Former Ukrainian President Poroshenko Secretly Controlled Offshore Firms that Banked at Austria’s Raiffeisen
Costly works of art, including a painting by Ilya Repin and a sculpture by Salvador Dali, were among the assets acquired by offshore firms controlled by Petro Poroshenko. Austria’s Raiffeisen Bank enabled his deception, listing one of Poroshenko’s associates as the companies’ owner.
Poroshenko controlled at least six offshore shell companies handling tens of millions of dollars in transactions, including luxury furniture for his home and expensive art.
The companies banked at Austria’s Raiffeisen Bank International, which listed Poroshenko’s longtime employee as their owner.
Another 11 offshore companies banking at Raiffeisen also had ties to Poroshenko’s business empire.
In the early 2010s, Petro Poroshenko — a billionaire who had just served a stint as Ukraine’s foreign minister, and would later be elected president — built a palatial estate for himself outside Kyiv. He just needed furnishings to match his new home’s grandeur.

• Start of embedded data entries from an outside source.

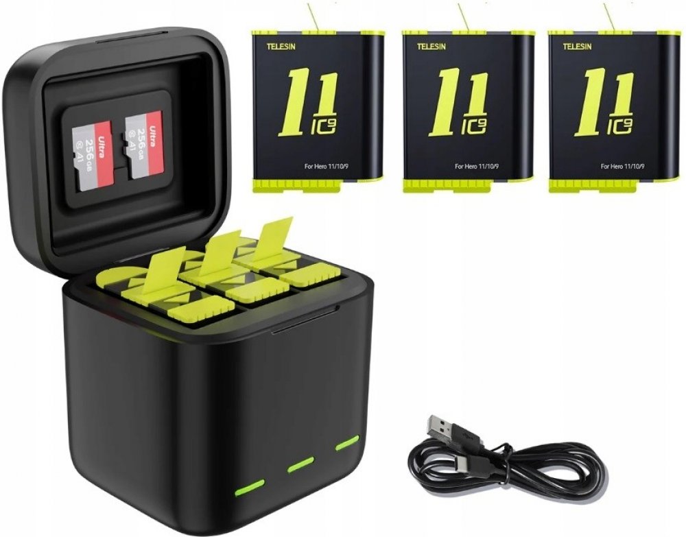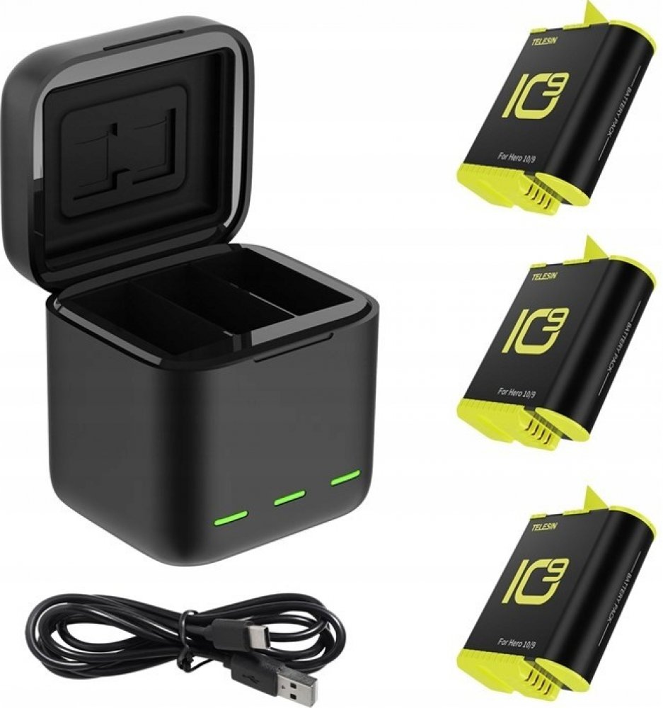Telesin 3-slot nabíječka + 3 baterie set pro GoPro Hero 9/10/11 GP-BnC-902-B
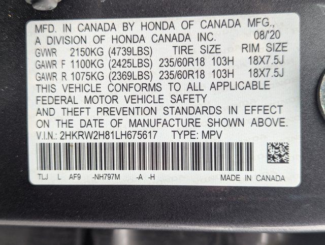 Gray 2020 Honda CR-V EX-L AWD CVT 1.5L I4 DOHC 16V AWD.
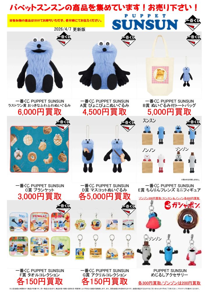 ■パペットスンスンの商品を集めています!◆#パペットスンスン #パペットスンスン買取 #スンスン #ノンノン #ゾンゾン #一番くじ買取 #マンガ倉庫 #武雄 #佐賀■
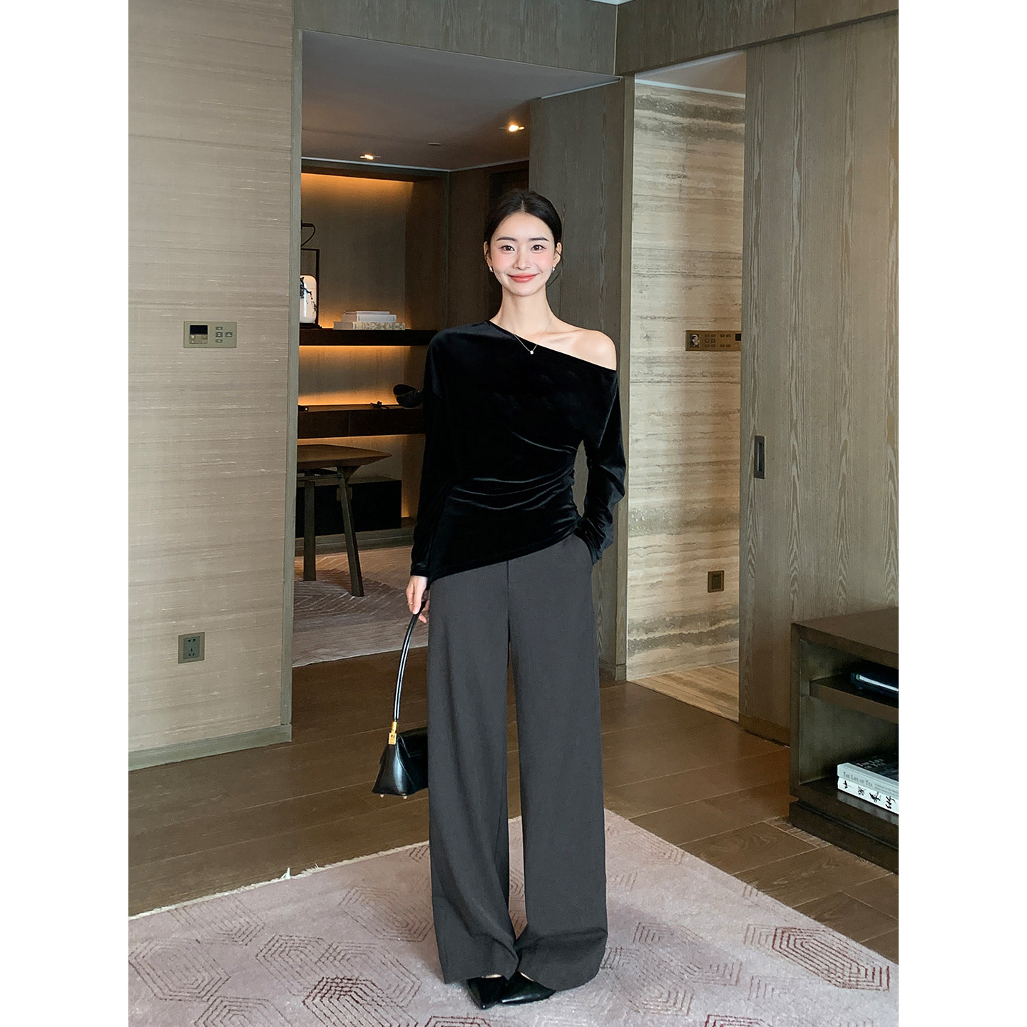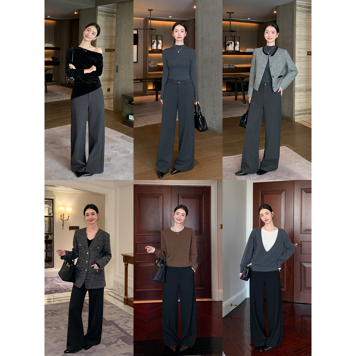 Maven Lin 高智办公室 极简宽松磨毛阔腿裤女垂感通勤西装裤
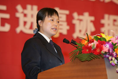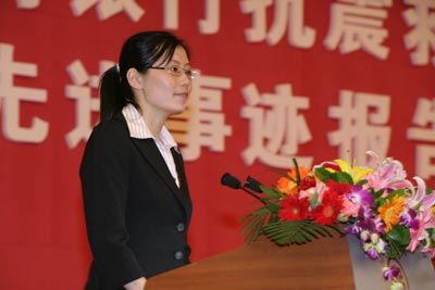 2008年7月1日,中国工商银行电子银行中心成都分中心凌媛媛在抗震救灾表彰暨先进事迹报告会上作先进事迹报告

Using an offshore company based in the British Virgin Islands called Vernon Holdings, Poroshenko and his wife, Maryna, proceeded to purchase over $100,000 worth of plush fittings from luxury Italian furniture-makers between 2009 and 2012, according to invoices and other documents viewed by OCCRP.
According to documents leaked in 2019 by anti-corruption “hacktivists,” Poroshenko’s family controlled the company. He was also the beneficiary of an insurance policy issued to Vernon. But you would never know it to look at the records of Austria’s Raiffeisen Bank International, where the offshore kept its accounts. Instead of Poroshenko, the bank listed his employee and longtime business associate, Sergiy Zaitsev, as the beneficiary.

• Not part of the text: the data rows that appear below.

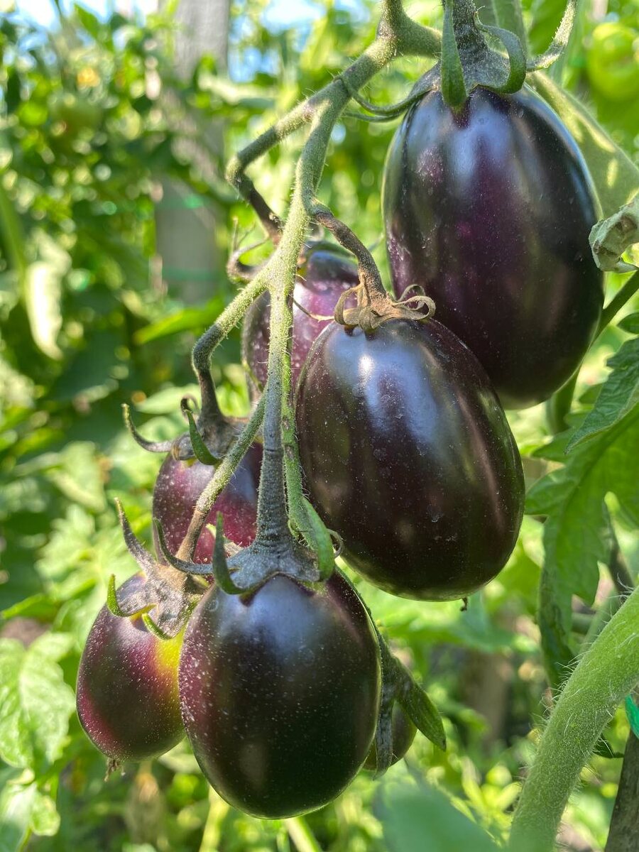 Томат Deep Purple. Красивый кистевой сорт, плоды практически полностью покрыты антоцианом.
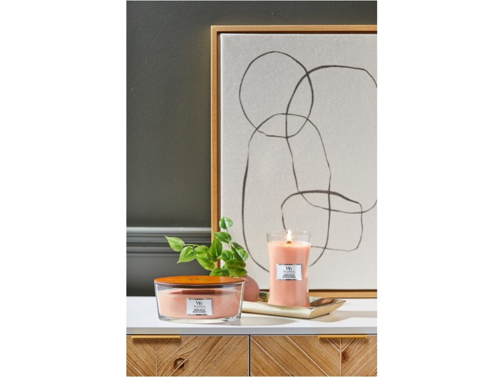 Elegantně tvarovaná velká svíčka s typickým dřevěným víčkem provoní váš domov a naplní ho jemným zvukem praskajícího knotu, který podpoří atmosféru pohodlí a útulnosti. Neboť domov je tam, kde praská oheň. Knot je vyroben z přírodního dřeva. Po vypálení využijte sklenici jako krásnou vázu či pro další dekorační účely. TIP: Rozpusťte svíčku vždy až ke kraji, nechejte jí hořet 3-4 hodiny Složení: směs prémiového parafínu a sójového vosku s vysoce koncentrovanými vůněmi zajišťuje čisté hoření bez nepříjemných zbytků. Vonné esence byly pečlivě vybrané, aby naplnily místnost dlouhotrvající vůní. Otevřený tvar svíčky zvyšuje plochu odpařování vonných esencí z voskového jezírka a zajišťuje rovnoměrný vonný zážitek. Patentovaný tvar dřevěného knotu Pluswick® Innovation vytváří uklidňující zvuk praskajícího ohně. Rozměry 10 x 18 cm.Doplňkové parametry
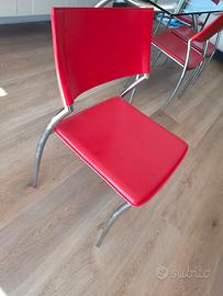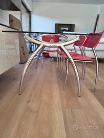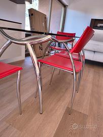 Vendo splendido tavolo Calligaris in cristallo e gambe in acciaio, completo di 4 sedie in cuoio e acciaio. No perditempo no spedizione.
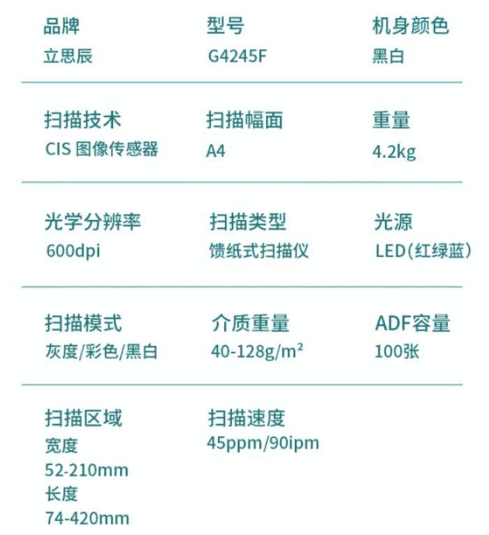 立思辰)扫描仪G4245F、A4幅面、彩色馈纸式扫描仪、自动进纸、自动双面扫描
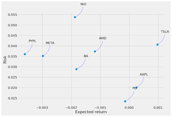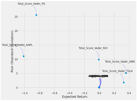 Figure 5 compares the risk and expected return of different stocks without taking sentiment into account. In this scenario, TSLA offered high returns but carried a high risk, indicating significant volatility. On the other hand, stocks like PG and AAPL showed a lower risk and lower expected returns.
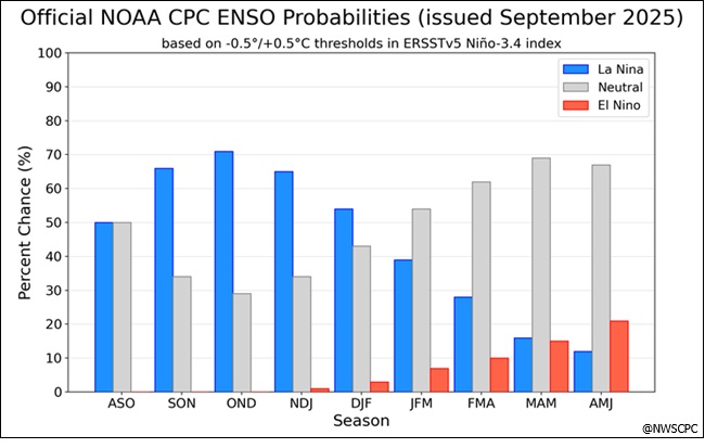 The Climate Prediction Center (CPC) puts the chances at of a La Nina at 71 percent through December. “Thereafter, La Niña is favored but chances decrease to 54% through February 2026”, the CPC predicted. The outlook is based on recently observed water temperature trends across the surface and subsurface equatorial Pacific. California’s so-called ‘rainy season’ runs from November through March. Story Date: September 15, 2025

That was just the beginning. Drawing on banking records, correspondence, invoices, and other documents, an OCCRP investigation has found that Raiffeisen — Austria’s second largest bank by assets — allowed Poroshenko to use Zaitsev to mask his control of at least six offshore companies used to fund business activities and personal dealings, including multimillion-dollar art purchases.
Raiffeisen identified Zaitsev as the beneficial owner of most of these companies, and he signed company documents for others — even as they handled tens of millions of dollars for Poroshenko before and during his presidency, according to emails and documents obtained by OCCRP.
In 2018, Austria’s Financial Market Authority (FMA) fined Raiffeisen 2.75 million euros for “inadequate checking of the identity of the beneficial owner and failure to regularly update the necessary documents, data and information required to be able to understand ownership and control structures with regard to high-risk customers in specific individual cases.” But the FMA did not specify which of Raiffeisen’s high-risk customers had been wrongly identified. In December 2019, Austria’s Supreme Administrative Court overturned the fine.
Poroshenko has held a variety of political positions since 1998 — including member of parliament, chairman of the Council of the National Bank of Ukraine, and foreign minister — all while building a business empire and fortune estimated to be worth over $1 billion.
After becoming president following the Euromaidan revolution in late 2013 and early 2014, Poroshenko sought to portray himself as a reformer transforming one of Europe’s most corrupt countries. But he has been criticized for failing to tackle Ukraine’s entrenched oligarchy and — even prior to these revelations — for personal corruption as well.
In response to an emailed request for comment from OCCRP, legal advisers to Poroshenko said he had nothing to do with any of the companies.
“Petro Poroshenko is not and was not a shareholder, UBO or officer of any of the companies,” they said in a response signed, “Group of legal advisers of Petro Poroshenko for the protection of reputation from spreading fake news and biased investigations.”
Zaitsev did not respond to requests for comment, but in a 2016 interview with Interfax Ukraine, he denied owning Intraco Ltd on behalf of Poroshenko. “Put simply, I had, have, and God willing, will have my own business interests and projects, for which I created a number of companies,” he said.